# Specific Heat/Energy problem

1. Mar 1, 2009

### Raihn

1. The problem statement, all variables and given/known data
The specific heat of a substance varies with temperature according to:
c = 0.20 + 0.14T + 0.023T$$^{2}$$,​
with T in deg-C and c in cal/gK. Find the energy required to raise the temperature of 2.0g of this substance from 5.0C to 15C.

2. Relevant equations
Q=mc$$\Delta$$T
K= C + 273.15

3. The attempt at a solution
Given:
m= 2.0g
Q=?

Q=mc$$\Delta$$T
Q=m$$\int$$(0.2 + 1.4T + .023T$$^{2}$$)dt

Convert C to Kelvin:
T1: K = 5.0 + 273.15 = 278.15K
T1: K = 15 + 273.15 = 288.15K

Solve for heat:
Q = [2.0g(0.2 + 1.4(288.15) + 0.23(288.15$$^{2}$$)] -
[2.0g(0.2 + 1.4(278.15) + 0.23(278.15$$^{2}$$)]

Q=2792.98

I don't think I did the math correctly can anyone please check it for me and tell me what I did wrong? Thank you in advanced.

-Raihn

2. Mar 1, 2009

### Vuldoraq

Looking at this it doesn't look like you did the integral for the heat capacity? You should have 0.2T+1.4T^2/2 etc.

3. Mar 1, 2009

### Raihn

Why divide by 2? And I thought I did take the integral? I couldn't figure out how to add the 15 and 5 onto the integral sign, but I thought I did solve it in that manner? Maybe not? Now I've confused myself lol.

4. Mar 1, 2009

### Vuldoraq

This is the value of the heat capacity?
This is your formula for Q

Here you have just subbed the value of c into $$Q=mc\delta T$$ I see no evidence that c has been integrated?

5. Mar 1, 2009

### Vuldoraq

You put the limits on like this (just click on the equation to see the source),

$$\int_{5}^{15}$$

and you divide by two because,

$$\int x dx=\frac{x^{2}}{2}$$

6. Mar 1, 2009

### Raihn

Oh ok, I see thanks alot. Didn't notice I skipped that part. Thanks again.

7. Mar 1, 2009

8. Mar 1, 2009

### Raihn

I did it again and I got Q = 9894.36. I don't think that's right. This question is so simple I don't know why I'm not getting it.

9. Mar 1, 2009

### Vuldoraq

Don't worry, it's only easy once you know it. Check your calculation again and post it here before you enter it, that way I can check it and hopefully you won't lose another attempt. I seem to be getting quite a big number.

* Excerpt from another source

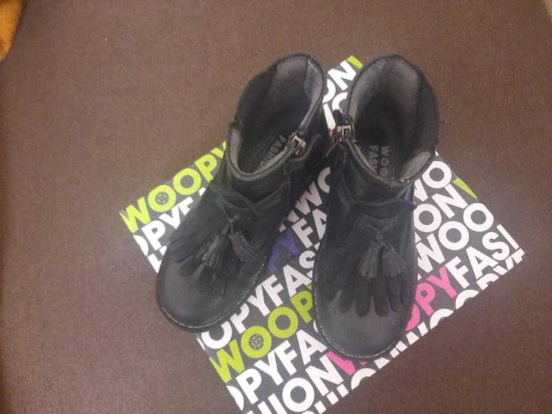 Стильні черевички для дівчинки фірми Woopy fashion. Перед та бік оздобленні замшевими вставками. Підошва додатково прошита сріблястою ниткою, яка підкреслює елегантність взуття. Мають боковий замочок, який вгорі фіксується шкіряним поясочком.

Edit: Why don't you think it's right? Also I got confused with someone else, thought you were using a mastering physics package (me tired, sorry).

10. Mar 1, 2009

### Raihn

It's probably not clicking in my head since I'm studying for organic chemistry II and doing this at the same time, but this is what I did:

c = [0.20 + 1.4(288.15) + 0.023(288.152))] - [0.20 + 0.14(278.15) + 0.023(278.152)]
c = 494.78

Then:

Q=(2.0g)(494.718(288.15-278.15)
Q = 9894.36

11. Mar 1, 2009

### Raihn

Or is Q negative, where T1 = 278.15 and T2 = 288.15?